The first article in a series reviewing the Impact of the NEW VA Regulations on Aid & Attendance
In January 2015, the Department of Veterans Affairs (the "VA") published proposed regulations amending eligibility requirements for its needs-based programs, including the veteran's aid and attendance pension benefit for veterans and their surviving spouses (referred to herein as the "Aid & Attendance pension benefit"). The VA reports that it received over 850 comments to the proposed regulations during the public comment period, which ended in late March 2015. Since then we have been waiting to learn to what extent the VA would make changes to those proposed regulations, unsure whether the final regulations would impact clients' applications that were in process when the final regulations were finally published. The final regulations were published on September 18, and are effective as of October 18, 2018. For professionals who work with veterans, their surviving spouses and families, the final regulations bring significant changes to the considerations that bear on their planning for such individuals.
The final regulations made major changes in three areas that will impact planning for the Aid & Attendance pension benefit: the calculation of net worth, an expansion of the types of expenses which can be taken as unreimbursed medical deductions from income, and the imposition of a three-year look back period for certain transfers, and penalties for such transfers.

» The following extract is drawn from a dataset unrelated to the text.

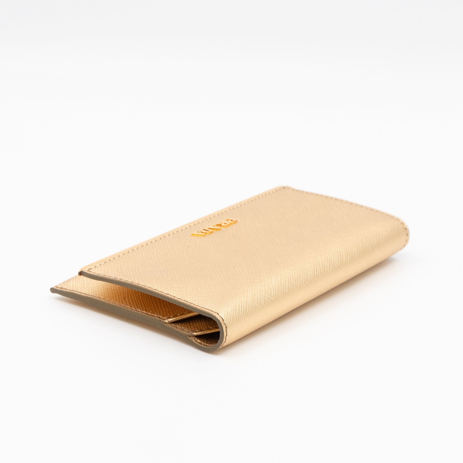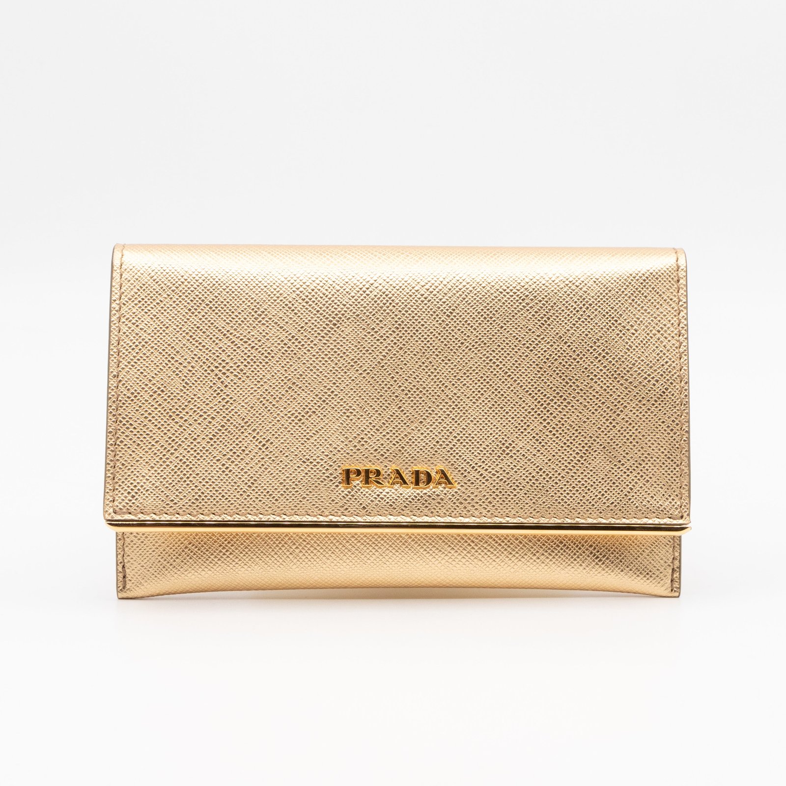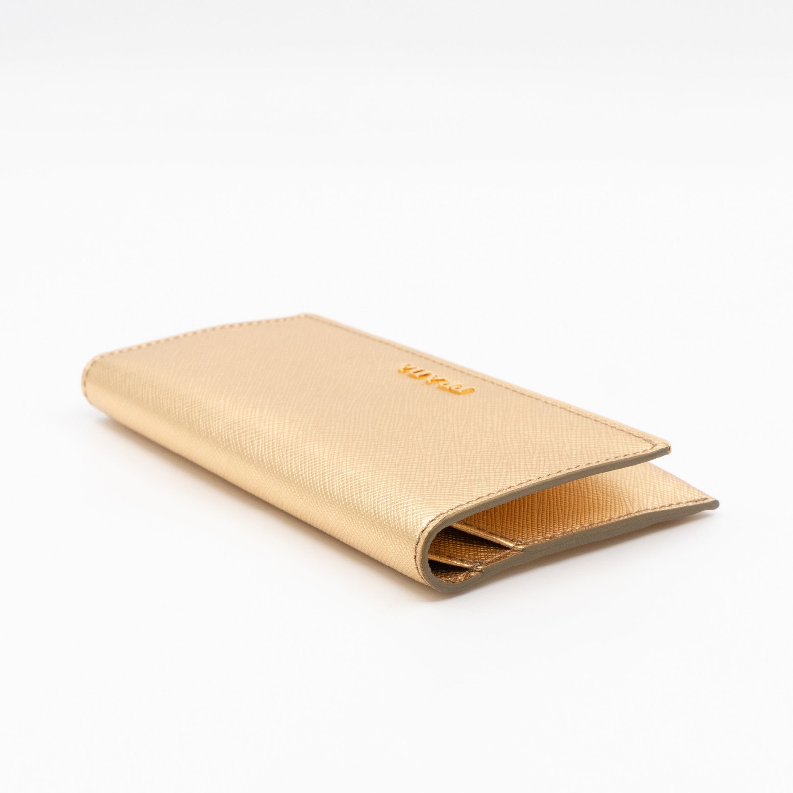A Metal Saffiano Wallet from Prada. This everyday accessory is made with gold mental color saffiano shine leather and gold-tone hardware. Opens to matching gold leather with an independent card holder and two patch pockets, perfect for organizing small items, providing both style and practicality.

I will discuss each change in detail over the course of three installments. It should be noted that some changes to the proposed regulations may well be very favorable for claimants notwithstanding the new penalty for certain transfers. This post will concentrate on the new net worth regulations, because the transfer rules really cannot be understood without first comprehending the net worth rules. (Unless otherwise noted, all section references are to 38 C.F.R., Part 3.)